Le 14 décembre

Le 14 décembre 1515 : rencontre entre le Roi de France, François 1er et le Pape Léon X, qui aboutira au concordat de Bologne.

Francois 1er
Léon X

François 1er, vainqueur de Marignan, fait à cheval, le 11 décembre 1515, une entrée élégante et triomphale en la cité italienne de Bologne, où le pape Léon X l’attend. Le Roi de France est en position de force. Ses victoires italiennes lui ont permis d’acquérir le duché de Milan. En contrepartie de son soutien à Florence, gouvernée par les Médicis, la famille de Léon X, le Saint Siège lui a offert Parme et Plaisance. Signé quelques mois plus tôt, le 13 octobre, le traité de Viterbe a officialisé ces accords.

Au cours de l’automne, François 1er accomplit un voyage triomphal dans ses nouvelles possessions ; puis il prend la route pour Bologne où va se tenir un sommet au cours duquel doivent être réglées les relations entre le royaume de France et la papauté. Précédant le cortège papal, vingt deux cardinaux viennent à la rencontre de François 1er, vêtu de velours bleu à fleurs de lys. Le Roi est reçu par Léon X en “fils aîné de l’Église”. Contrairement à l’usage, il ne baise pas les pieds du souverain pontife. En guise de salutations, les deux chefs d’État s’étreignent, puis échangent discours et maintes politesses…
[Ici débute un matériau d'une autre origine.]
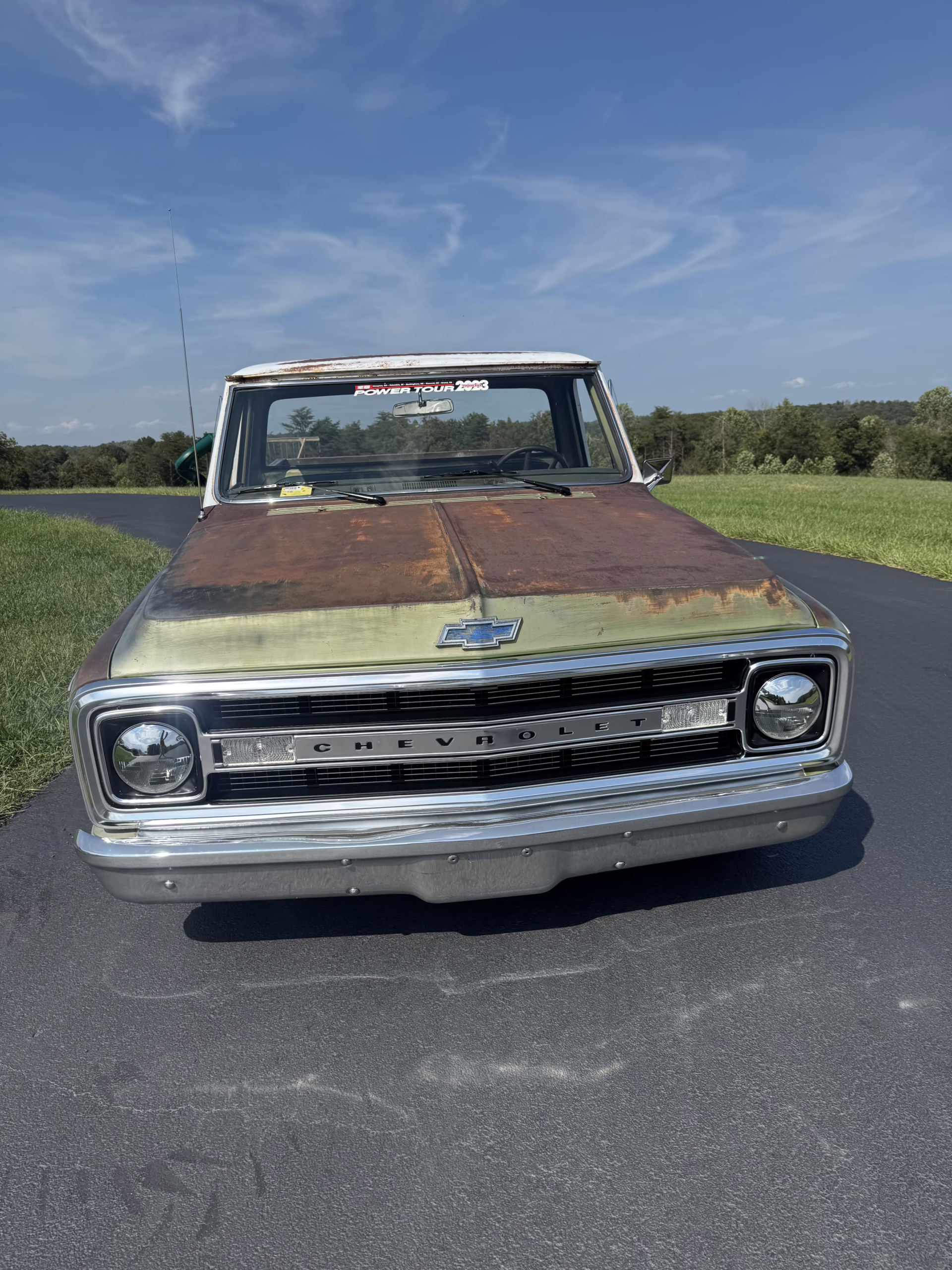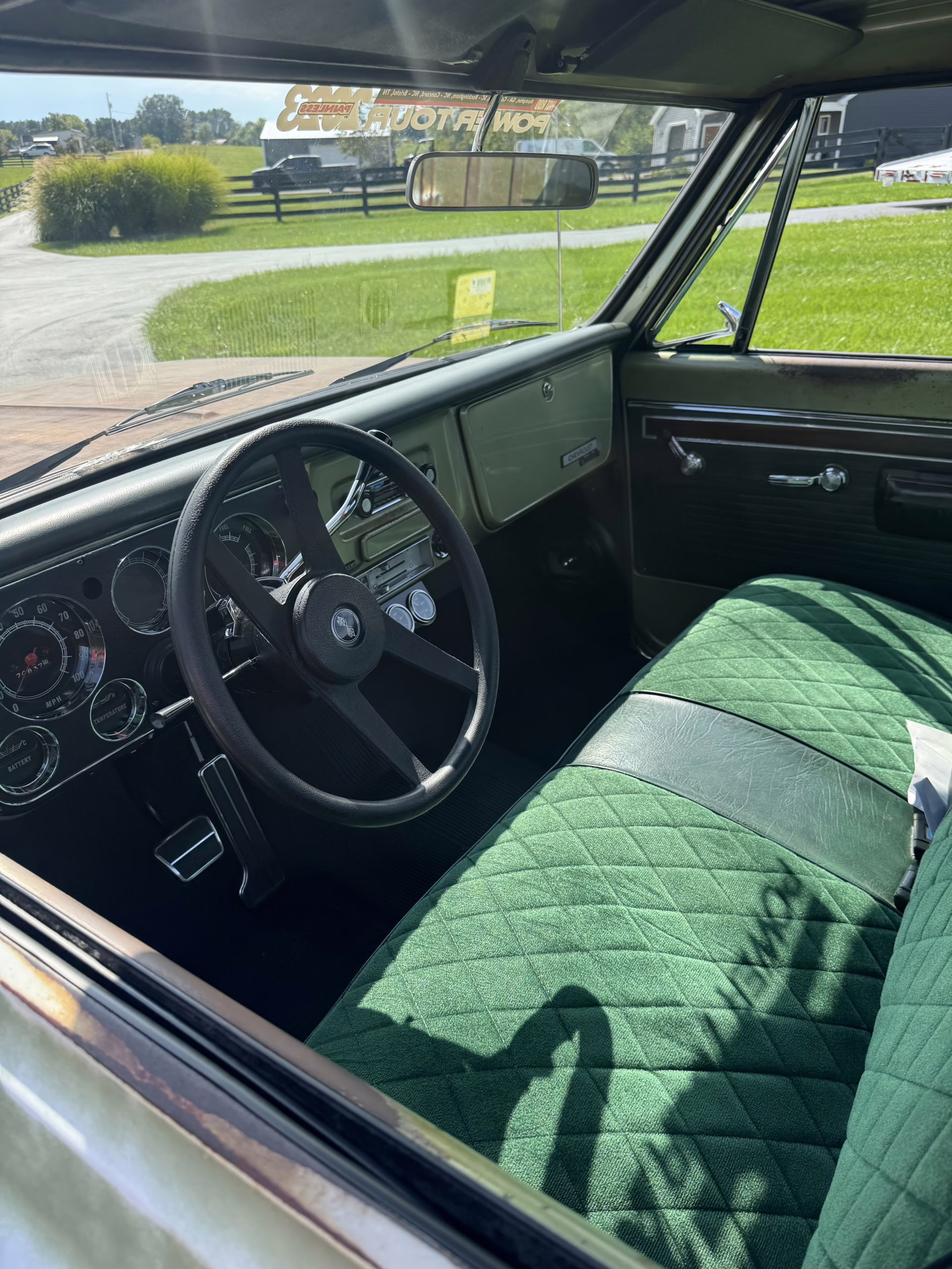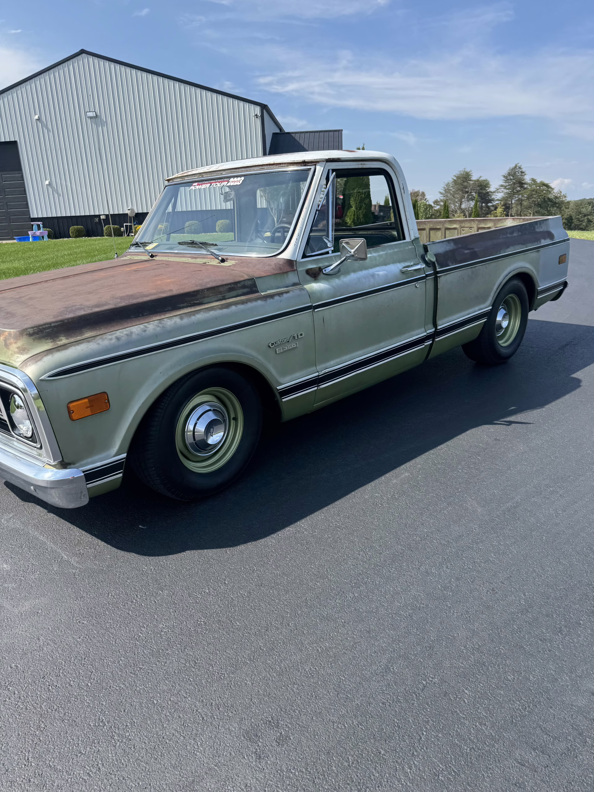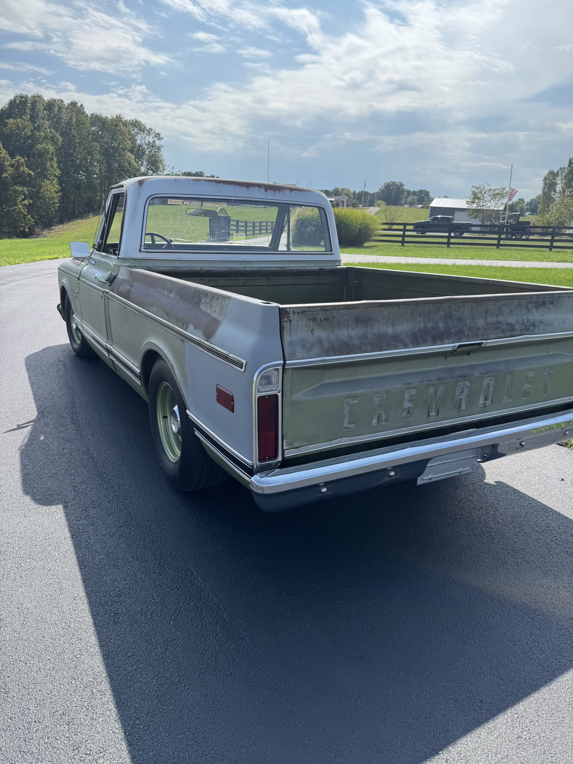 This 1970 Chevrolet C10 Pickup is the perfect blend of classic character and modern drivability. Wearing its original green paint with a naturally aged patina, accented by a contrasting white cab roof, this truck has all the right vintage vibes. The engine bay is painted to match the body, and the satin black underside gives it a clean, purposeful finish.
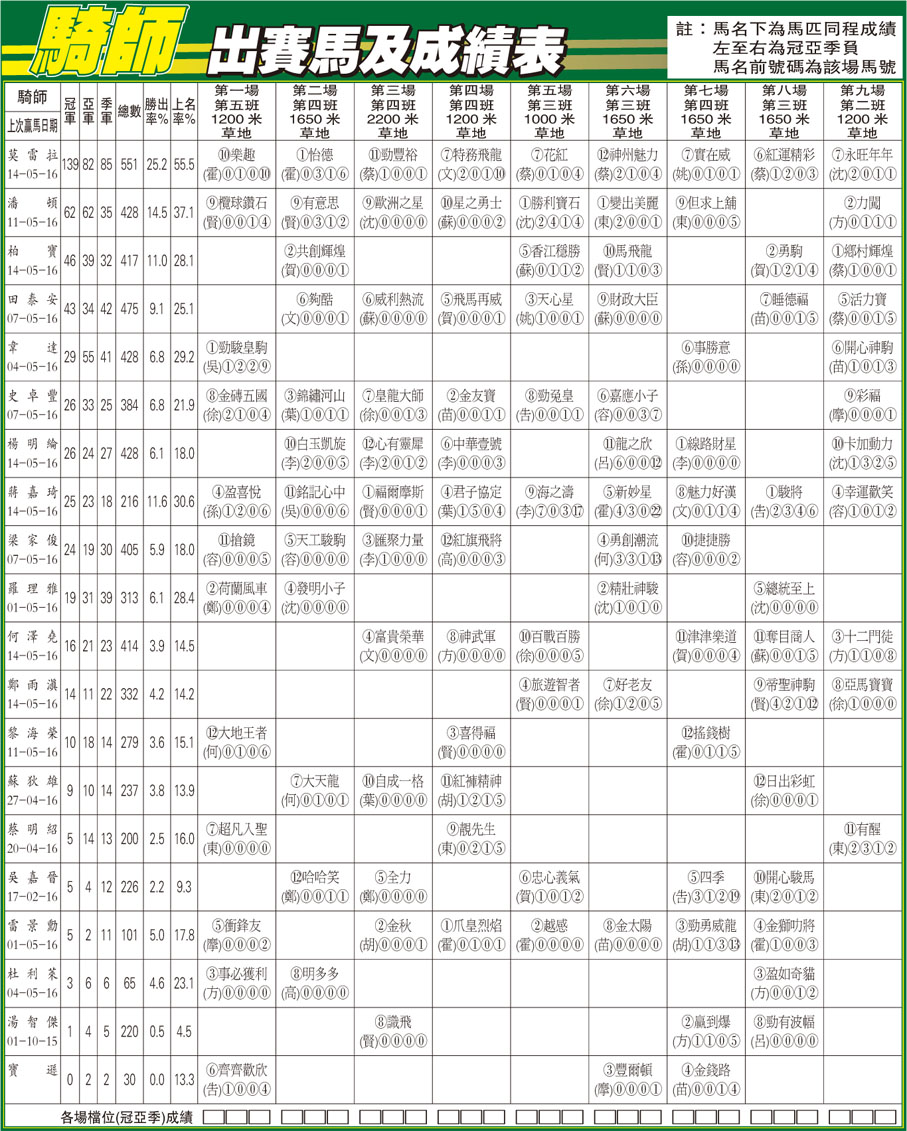 練馬師出賽馬及成績表 (2016-05-18) (圖)

Depuis 1438, la Pragmatique Sanction, promulguée à Bourges par Charles VII, empoisonne les relations entre la papauté et la monarchie. Déjà, Philippe le Bel, au début du XIVème siècle, a tenté de limiter l’autorité du Saint Siège sur l’Église de France. La Pragmatique Sanction a, de fait, donné un statut d’autonomie à cette dernière au travers de deux dispositions importantes. D’abord, les conciles généraux priment sur l’autorité du pape en matière de foi et de réforme. Ensuite, évêques et abbés sont élus et non plus désignés par Rome. Le plus souvent, l’élection devient un moyen déguisé de désignation par le Roi.

Le plus cher souhait de Léon X, soucieux de rétablir le pouvoir de Rome sur l’ensemble de l’Église, est d’obtenir la suppression de la Pragmatique Sanction. Après de longues discussions, le concordat de Bologne, qui règle les relations entre Rome et Paris jusqu’à la Révolution. Il est signé le 18 août 1516, approuvé le 19 décembre 1516 par le concile du Latran. Il remplace la Pragmatique Sanction de Bourges et, en ce qui concerne les affaires de l’Église de France, détermine clairement la part du Roi et celle du pape. En France, le concordat soulève une vive opposition de la part des gallicans (qui militent pour la restriction de l’autorité papale) et du Parlement qui ne l’enregistre qu’en mars 1518.

Désormais, le système d’élection aux postes ecclésiastiques (archevêques, évêques, abbés, prieurs) est rendu caduc. Le Roi de France présente ses candidats, à qui la papauté accorde l’investiture canonique, si le pape les accepte. L’approbation est soumise à des critères, en particulier d’âge et de formation.

Le concordat de Bologne est aboli unilatéralement par l’Assemblée Constituante, en août 1790.